Aug 13 2008
Newspapers: keep your geeks
This post by Jeff Jarvis pissed me off over a month ago. Never mind why I’m just getting around to writing about it now – but it’s important that I write about it.
Jarvis is saying – with help from Bob Wyman from Google – that newspapers should get out of the technology business. They should turn over their website platforms to Google:
Newspapers should concentrate on what they are supposed to do and stop trying to differentiate themselves with technology.
What they are supposed to do, according to Jarvis, is journalism:
So why not hand over those segments of the business to Google and concentrate on what a newspaper should do: journalism?
But journalism isn’t the business. The business is developing an audience for the journalism, and then monetizing the audience. Newspapers don’t sell newspapers, or news, or reporting. They sell readership.
So how can newspapers distinguish themselves from competitors, when everyone’s using the same platform? In other words, how can you get more readership for your stories vs. the stories on your competitors websites? Strictly by the quality of journalism? Hardly:
- Newspapers have known for years that the quality of their journalism has almost no impact on their bottom lines or on their circulation numbers.

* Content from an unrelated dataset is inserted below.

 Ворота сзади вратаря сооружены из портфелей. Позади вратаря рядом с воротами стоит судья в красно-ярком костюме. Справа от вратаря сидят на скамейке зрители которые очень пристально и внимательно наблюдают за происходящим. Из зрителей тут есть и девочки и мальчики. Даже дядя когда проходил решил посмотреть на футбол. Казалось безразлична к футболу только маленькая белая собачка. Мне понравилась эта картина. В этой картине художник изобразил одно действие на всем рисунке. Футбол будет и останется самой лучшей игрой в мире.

- And anyway, the Internet is a whole new ball game. The game is findability. I will get more audience if people can find my stuff more easily than it can find yours. And guess what: newspapers (and everyone else) outsourced that to Google a long, long time ago.

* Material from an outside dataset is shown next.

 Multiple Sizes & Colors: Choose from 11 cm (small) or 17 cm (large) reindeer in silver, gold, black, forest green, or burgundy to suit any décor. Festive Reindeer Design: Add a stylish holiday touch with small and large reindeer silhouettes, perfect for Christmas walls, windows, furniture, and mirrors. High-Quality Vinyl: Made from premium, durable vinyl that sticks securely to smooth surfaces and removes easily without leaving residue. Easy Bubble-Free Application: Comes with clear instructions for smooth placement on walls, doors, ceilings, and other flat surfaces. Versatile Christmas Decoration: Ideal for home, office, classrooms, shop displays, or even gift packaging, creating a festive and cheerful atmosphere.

- You know those catchy headlines and turns of phrase found in good journalistic writing? They can actually hurt a story’s chance of being found, of developing an audience. Don’t care? You want good writing at the expense of everything else? You’re in the wrong business, friend. Right calling – wrong business.

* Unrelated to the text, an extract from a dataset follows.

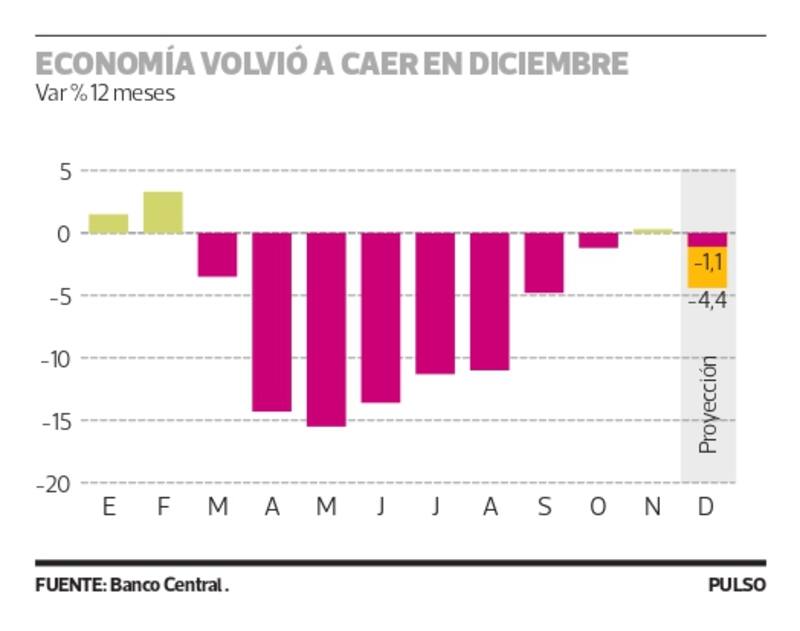 Con estas cifras sobre la mesa, los expertos confirmaron lo que ya estaba anticipando: la actividad en diciembre volvería a caer luego de la leve alza que hubo en noviembre de 0,3%. Para el último mes del año, los economistas prevén que el Imacec registre una contracción de entre 1,1% y 4,4%.
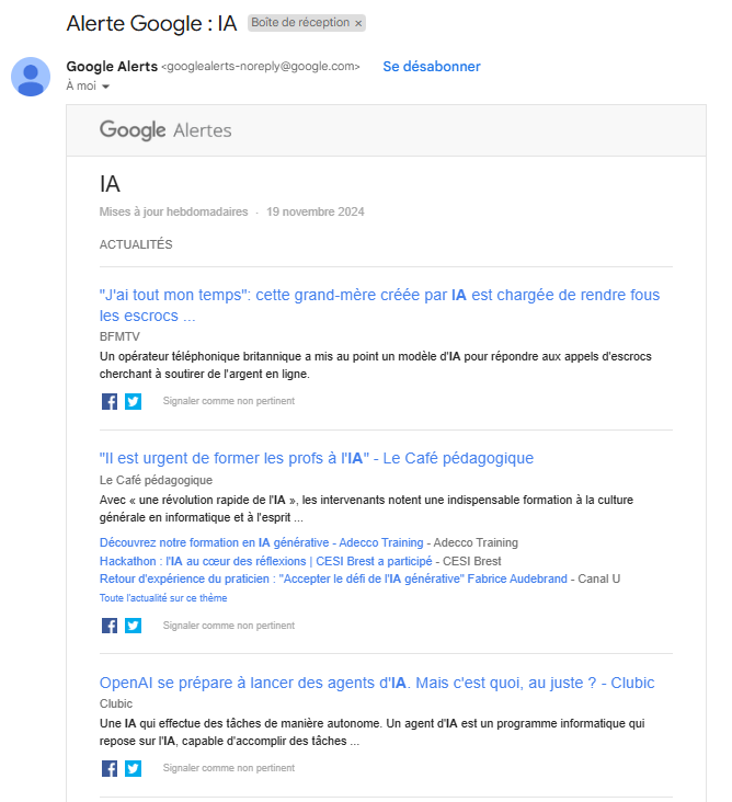c’est une alerte Google qui est un email envoyé par Google listant toutes les pages web qui ont mentionné le mot ou l’expression sur laquelle

So what happens when you do want to do something different, when you want to tell a story in a new way, and Google (or AP, or Daylife, etc.) doesn’t have that capability built yet? Good question. Guess you send an email off and wait a month or so. If enough people want that feature, then they’ll build it. Oops – there goes your differentiation again.
Within an organization, like a newspaper chain, that can be hard enough. Though you (supposedly) have their ear because you’re, after all, on the same team, you’ll wait months for a feature to be built by corporate IT even if lots of member papers want it. But think, now, if the paper has given away all its power to innovate to Google. Thousands of papers, all wanting to innovate, all wanting to differentiate. Who’s Google going to respond to? What are they going to build? Why, the things that the most papers seem to want! Bye-bye, differentiation: you can’t have that until hundreds of other papers have it too.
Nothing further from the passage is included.